● WHAT THE EXERCISE ASKS: Only the lines from the one containing "Yfirlitið lokast og" through the one containing "18.11.2025 г., в" should be printed, exactly as they appear below, with both ends included.

● SUPPLIED INFORMATION:
┌────────

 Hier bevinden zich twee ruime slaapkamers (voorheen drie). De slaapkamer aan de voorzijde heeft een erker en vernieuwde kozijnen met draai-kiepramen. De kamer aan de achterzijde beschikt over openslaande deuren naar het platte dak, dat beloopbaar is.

└────────
┌────────

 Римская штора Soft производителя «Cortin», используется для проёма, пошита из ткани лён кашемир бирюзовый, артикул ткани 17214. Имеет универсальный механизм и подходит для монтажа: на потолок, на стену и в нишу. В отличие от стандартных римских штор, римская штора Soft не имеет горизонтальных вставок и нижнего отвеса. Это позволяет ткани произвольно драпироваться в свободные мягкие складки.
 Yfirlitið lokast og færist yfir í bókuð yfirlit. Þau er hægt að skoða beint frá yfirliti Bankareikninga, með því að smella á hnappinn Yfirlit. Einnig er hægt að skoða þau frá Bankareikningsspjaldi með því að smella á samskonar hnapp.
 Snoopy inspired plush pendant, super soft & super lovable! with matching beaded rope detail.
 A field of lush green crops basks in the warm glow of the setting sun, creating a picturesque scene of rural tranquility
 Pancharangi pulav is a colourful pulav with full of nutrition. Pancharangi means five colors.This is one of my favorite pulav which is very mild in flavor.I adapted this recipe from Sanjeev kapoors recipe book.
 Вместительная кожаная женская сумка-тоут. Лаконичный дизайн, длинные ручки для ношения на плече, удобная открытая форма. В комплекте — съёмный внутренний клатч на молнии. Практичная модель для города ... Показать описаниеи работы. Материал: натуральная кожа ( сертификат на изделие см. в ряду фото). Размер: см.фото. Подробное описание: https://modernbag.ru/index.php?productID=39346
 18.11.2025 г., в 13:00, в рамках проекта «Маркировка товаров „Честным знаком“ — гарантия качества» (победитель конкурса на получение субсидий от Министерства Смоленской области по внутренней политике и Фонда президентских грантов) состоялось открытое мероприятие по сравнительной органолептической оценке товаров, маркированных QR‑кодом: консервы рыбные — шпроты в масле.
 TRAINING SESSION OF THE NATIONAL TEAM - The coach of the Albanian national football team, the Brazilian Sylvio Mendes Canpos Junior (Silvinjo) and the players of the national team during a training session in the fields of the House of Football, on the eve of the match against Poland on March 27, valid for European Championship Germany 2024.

└────────

● RESULT OF THE EXERCISE:
 Yfirlitið lokast og færist yfir í bókuð yfirlit. Þau er hægt að skoða beint frá yfirliti Bankareikninga, með því að smella á hnappinn Yfirlit. Einnig er hægt að skoða þau frá Bankareikningsspjaldi með því að smella á samskonar hnapp.
 Snoopy inspired plush pendant, super soft & super lovable! with matching beaded rope detail.
 A field of lush green crops basks in the warm glow of the setting sun, creating a picturesque scene of rural tranquility
 Pancharangi pulav is a colourful pulav with full of nutrition. Pancharangi means five colors.This is one of my favorite pulav which is very mild in flavor.I adapted this recipe from Sanjeev kapoors recipe book.
 Вместительная кожаная женская сумка-тоут. Лаконичный дизайн, длинные ручки для ношения на плече, удобная открытая форма. В комплекте — съёмный внутренний клатч на молнии. Практичная модель для города ... Показать описаниеи работы. Материал: натуральная кожа ( сертификат на изделие см. в ряду фото). Размер: см.фото. Подробное описание: https://modernbag.ru/index.php?productID=39346
 18.11.2025 г., в 13:00, в рамках проекта «Маркировка товаров „Честным знаком“ — гарантия качества» (победитель конкурса на получение субсидий от Министерства Смоленской области по внутренней политике и Фонда президентских грантов) состоялось открытое мероприятие по сравнительной органолептической оценке товаров, маркированных QR‑кодом: консервы рыбные — шпроты в масле.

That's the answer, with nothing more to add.